Ese mismo año, por orden del papa y contraviniendo su discurso humanitario, predicó una cruzada por toda España contra los musulmanes del norte de África. Y es que Lope Fernando era hijo de su tiempo y por aquel entonces el predicamento de la caridad y el amor al prójimo no estaba reñido con la intolerancia al infiel. Esta cruzada se quedó en agua de borrajas, si se me permite la expresión, porque el rey Alfonso X “el Sabio” no recibió suficiente apoyo internacional. El mismo papa presionó para que Enrique III de Inglaterra se dirigiera a Tierra Santa, en lugar de ayudar a Alfonso X “el Sabio” de Castilla. Tampoco consiguió los barcos de Marsella, de Pisa ni del rey Haakon IV de Noruega.

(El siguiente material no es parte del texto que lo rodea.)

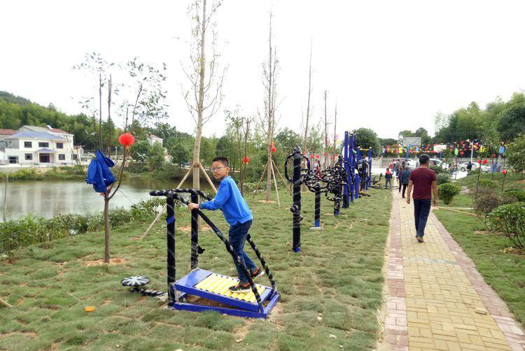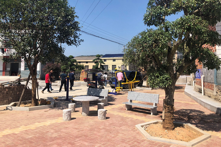 几个月前的朱家冲还完全不是这般光景,尽管地处铁山水库边,有绿水有青山,但是进组道路狭窄交通不便,破败的“空心房”也是大煞风景。今年5月份,月田镇党委、政府与铁山湖村村支两委以空心房专项整治工作为契机,在拆除闲置空心房的同时,努力争取移民美丽家园整村推进项目,整合项目资金300多万元,拓宽朱家冲一带道路,路两旁均匀的种植了行道树,种花铺草,科学的规划休闲绿地并布置健身器材,促进该区域环境的整体提升,朱家冲广场与休闲绿地也成为了附近村民休闲散步娱乐的好去处。

Al final, todo quedó en una tímida incursión en el norte de África en el año 1260 de Alfonso X con el único respaldo de sus súbditos castellanos.
El 9 de enero de 1258, siendo obispo, consagró por segunda vez la iglesia del monasterio de Sigena y murió en el año 1260. Sus restos fueron enterrados en el convento de San Francisco de Zaragoza y allí permanecieron hasta el año 1809, fecha en la que el monasterio quedó destruido por los franceses en la Guerra de la Independencia, perdiéndose para siempre sus restos y construyéndose a posteriori sobre sus ruinas la sede de la Diputación Provincial. No poseemos ningún retrato de su persona y a pesar de que no sabemos el día exacto de su nacimiento ni de su muerte, su festividad se celebra el 14 de marzo.
Santiago Navascués Alcay
Lcdo. en Historia por la Uni. de Zaragoza.